Eagle and Crane: A Novel. Suzanne Rindell. Penguin Publishing Group. July 2018. 448 pp. ISBN#: 9780399184291.
Haruto (Harry) Yamada and Louis Thorn grew up side by side on California farmlands. At one time their lands had been joined and owned by the Thorn family. But to Louis’ father and brothers’ lifelong chagrin, the father had gambled too much in a drunken stupor one night and lost the most valuable west side of his property to the Yamada family. Not a good loser, he bore a grudge against the Yamadas that grew with the telling into fantastic hate and determination to get back at them for “tricking” the Thorn family out of their property.
When we meet Harry and Louis, they have spent years apart and are now barely on speaking terms, sad because they had been childhood companions and friends for a long time, until Louis heard enough of the conflict to turn him against the “Jap” Harry. Now they are to slowly become united as they are snagged into flying “barnstorming” and daredevil deed exhibitions planned by Earl, a con man who originally sold a “cure all tonic.” Ava and her mother Chloe work for Earl and Ava becomes a new source of contention between Harry and Louis. Later on, that romantic triangle becomes the focus of a mystery.
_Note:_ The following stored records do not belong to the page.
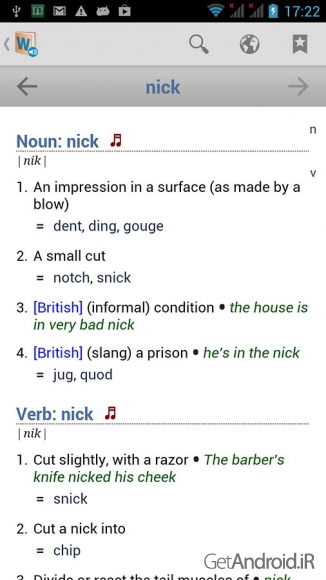- وارد سایت گت اندروید شده و از بخش جستجو عبارت "WordWeb Audio Dictionary" را تایپ کنید
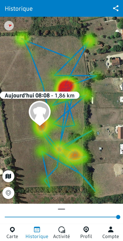 Ils ont un peu plus d'1,5 ha. Là il est au repos depuis sa dernière course donc depuis 3 semaines, je ne pense donc pas que ce soit du au travail
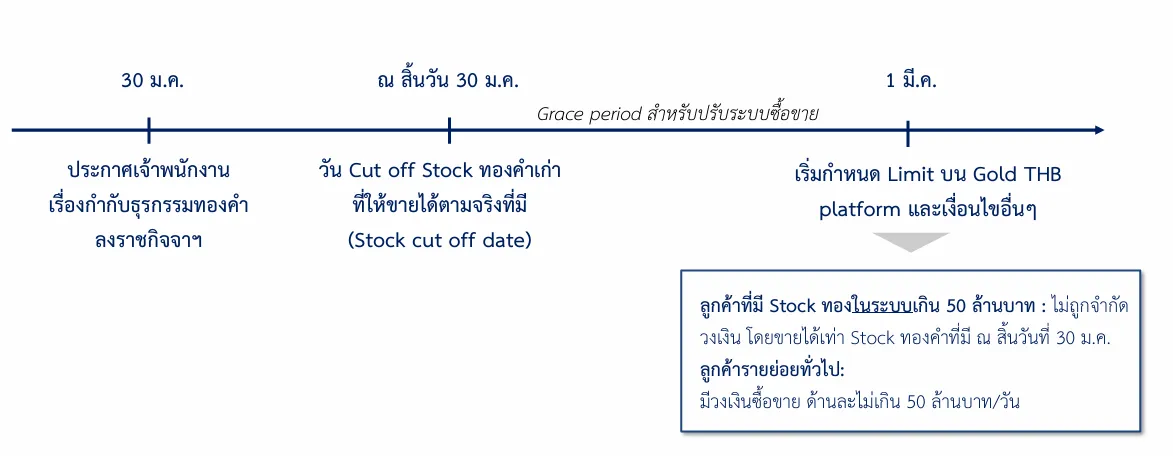 ทั้งนี้ ผู้ที่ถือทองคำมูลค่ามากกว่า 50 ล้านบาท ณ สิ้นวันที่ 30 มกราคม 2569 จะสามารถขายทองคำตามจำนวนที่มีอยู่เดิมได้ โดยไม่จำกัดระยะเวลาในการขาย
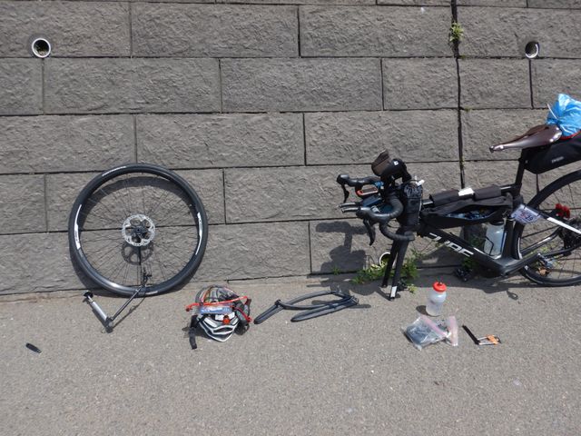 鹿児島フェリーをわたり、桜島を走り出してすぐにパンク。これが本当に堪えた。なんとか調子が上向きになってきたところで・・・運が無いのはこんな感じ。日陰もまったくなく直射日光下でのパンク修理は疲弊した。なんかぐだぐだで30分くらいかかった。
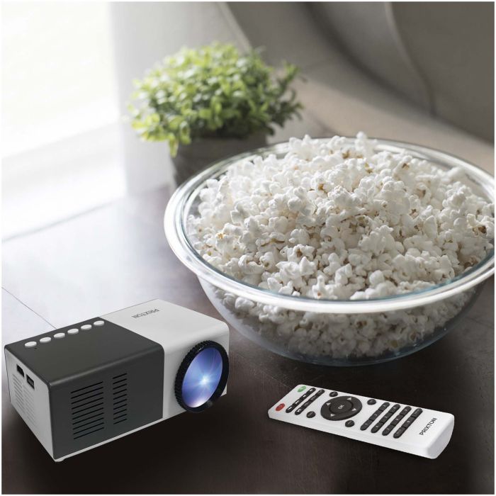 The Cinema mini projector reproduces videos with high image quality and is compatible with 1080p full HD, as well as 1080i ,720p, 576i, 480p, and 480i via HDMI. Includes a remote control for greater comfort and two stereo speakers. Aside from video it can also project audio, photos, and text.

WWII arrives with the bombing of Pearl Harbor, and the flight business (which is vividly described quite enjoyably) collapses as all Japanese and Japanese-Americans are interned in camps for the duration of the war. The mystery begins when Harry and someone else in his family escape the camp and supposedly take up one of the bi-planes and crash it spectacularly with no seeming effort to save themselves. Murder? Suicide? It’s up to the local sheriff and FBI Agent Bonner to figure that one out!
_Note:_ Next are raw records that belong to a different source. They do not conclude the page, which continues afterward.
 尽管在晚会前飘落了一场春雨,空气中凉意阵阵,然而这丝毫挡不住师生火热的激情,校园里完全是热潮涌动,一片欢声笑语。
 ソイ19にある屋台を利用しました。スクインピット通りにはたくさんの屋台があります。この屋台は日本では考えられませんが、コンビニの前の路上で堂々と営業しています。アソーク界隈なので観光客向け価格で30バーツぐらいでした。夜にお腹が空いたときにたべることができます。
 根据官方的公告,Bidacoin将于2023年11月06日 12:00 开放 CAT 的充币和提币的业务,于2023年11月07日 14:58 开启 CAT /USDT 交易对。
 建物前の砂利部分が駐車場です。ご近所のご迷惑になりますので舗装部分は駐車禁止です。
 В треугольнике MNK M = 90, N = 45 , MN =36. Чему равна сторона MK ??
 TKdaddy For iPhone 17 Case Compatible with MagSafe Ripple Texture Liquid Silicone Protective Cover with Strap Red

The plot and character presentations are intriguing and keep a perfect pace and pitch for any reader to follow. Uncertainty is the prevalent motif of this romance/mystery novel so that the reader feels like he or she is the investigator and/or chronicler of this work of historical fiction. This is a unique perspective of the way WWII changed the lives and attitudes of Americans toward foreigners forever! Something to reflect on in these trying days of similar conflicts!